Vizepräsidentin Edelgard Bulmahn:
Es ist so gedacht, dass man auf eine Frage antwortet; das ist völlig richtig. Ich glaube, das ist jetzt geklärt.
Sabine Leidig (DIE LINKE):
Es ist in Ordnung; das betrifft sowieso das Thema, über das ich sprechen möchte. - Wir haben in dem Gespräch mit Vertretern des Deutschen Städtetages ein paar wirklich spannende Dinge erfahren. Die Baudezernentin von Bremerhaven sagte: Ich brauche Geld für den Rückbau von Straßen. Unsere Infrastruktur ist auf berufstätige Männer, die Auto fahren, ausgelegt. Davon gibt es immer weniger; es ist weniger als ein Drittel der Bevölkerung. Ich brauche in unserer Stadt etwas ganz anderes. Dafür habe ich überhaupt kein Geld. - Die Stadtbaurätin von München sagte: Wir wollen Regionalentwicklung machen. Das Ballungszentrum quillt über. Wir haben außerhalb von München Kasernengelände. Wenn man sie erschließen will, damit dort Wohnen und Arbeiten möglich ist, braucht man eine Bahnanbindung. - Das sind die wirklichen Herausforderungen und die Themen, die bearbeitet werden müssen.

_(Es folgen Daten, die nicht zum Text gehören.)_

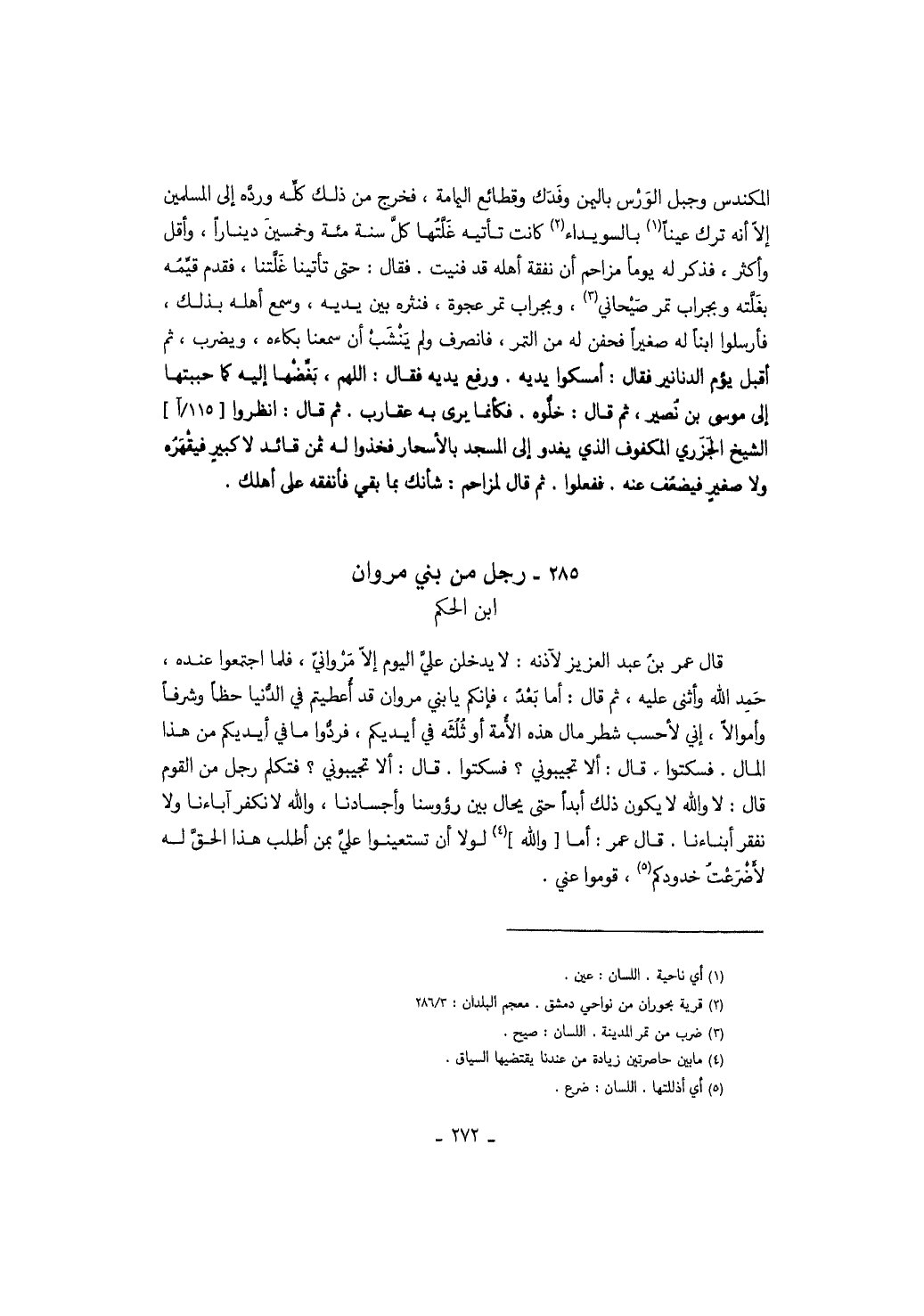 المكندس وجبل الورس باليمن وفدك وقطائع اليمامة، فخرج من ذلك كله ورده إلى المسلمين إلا أنه ترك عيناً بالسويداء كانت تأتيه غلتها كل سنة مئة وخمسين ديناراً، وأقل وأكثر، فذكر له يوماً مزاحم أن له نفقة أهله قد فنيت. فقال: حتى تأتي غلتنا، فقدم قيمه بغلته وبجراب صيحاني، وبجراب تمر عجوة، فنثره بين يديه، وسمع أهله بذلك، فأرسلوا ابناً له صغيراً فحفن له من التمر، فانصرف ولم ينشب أن سمعنا بكاءه، ويضرب، ثم أقبل يؤم الدنانير فقال: أمسكوا يديه. ورفع يديه فقال: اللهم، بغضها إليه كما حببتها إلى موسى بن نصير، ثم قال: خلوه. فكأنما يرى به عقارب. ثم قال: انظروا الشيخ الجزري المكفوف الذي يغدو إلى المسجد بالأسحار فخذوا له ثمن قائد لا كبير فيقهره ولا صغير فيضعف عنه. ففعلوا. ثم قال لمزاحم: شأنك بما بقي فأنفقه على أهلك.

(Beifall bei der LINKEN - Patrick Schnieder (CDU/CSU): Jetzt wird der Grünen-Antrag mal richtig interpretiert!)
Sie sagen einfach: Das ist Sache der Kommunen, der Länder usw. - Aber so ist es eben nicht. Der Bund legt die Maßstäbe fest und gibt die Marschrichtung vor. Solange Sie daran festhalten, dass das Geld entweder für Straßen verbaut wird oder gar nicht, geben Sie den Menschen vor Ort nicht die Möglichkeit, die Verkehrswende in ihrem Sinne zu gestalten und ihre Mobilitätsbedürfnisse zu befriedigen. Das ist aber genau das, was passieren muss: Wir brauchen eine Demokratisierung bei der Mittelverwendung im Zusammenhang mit der Infrastrukturentwicklung auch beim Verkehr.
(Beifall bei der LINKEN)
Ich möchte noch einen Satz zum Antrag der Grünen sagen. Sie wollen den Bundesverkehrswegeplan weiterentwickeln. Ich bin ein bisschen traurig, dass Sie sich so sehr auf die innere Logik dieses Verkehrswachstumsprogramms, das uns hier vorgelegt wird, einlassen.
(Dr. Valerie Wilms (BÜNDNIS 90/DIE GRÜNEN): Das müssen Sie einfach einmal richtig lesen!)
Sie sagen im Grunde: Wir können das besser machen. - Ich will nicht sagen, dass jede einzelne Ihrer Forderungen unvernünftig ist. Es gibt sicherlich einige Ansätze, die auch wir für richtig halten. Aber ich finde, das klingt sehr nach Reparaturbetrieb und nicht nach einer wirklichen Alternative.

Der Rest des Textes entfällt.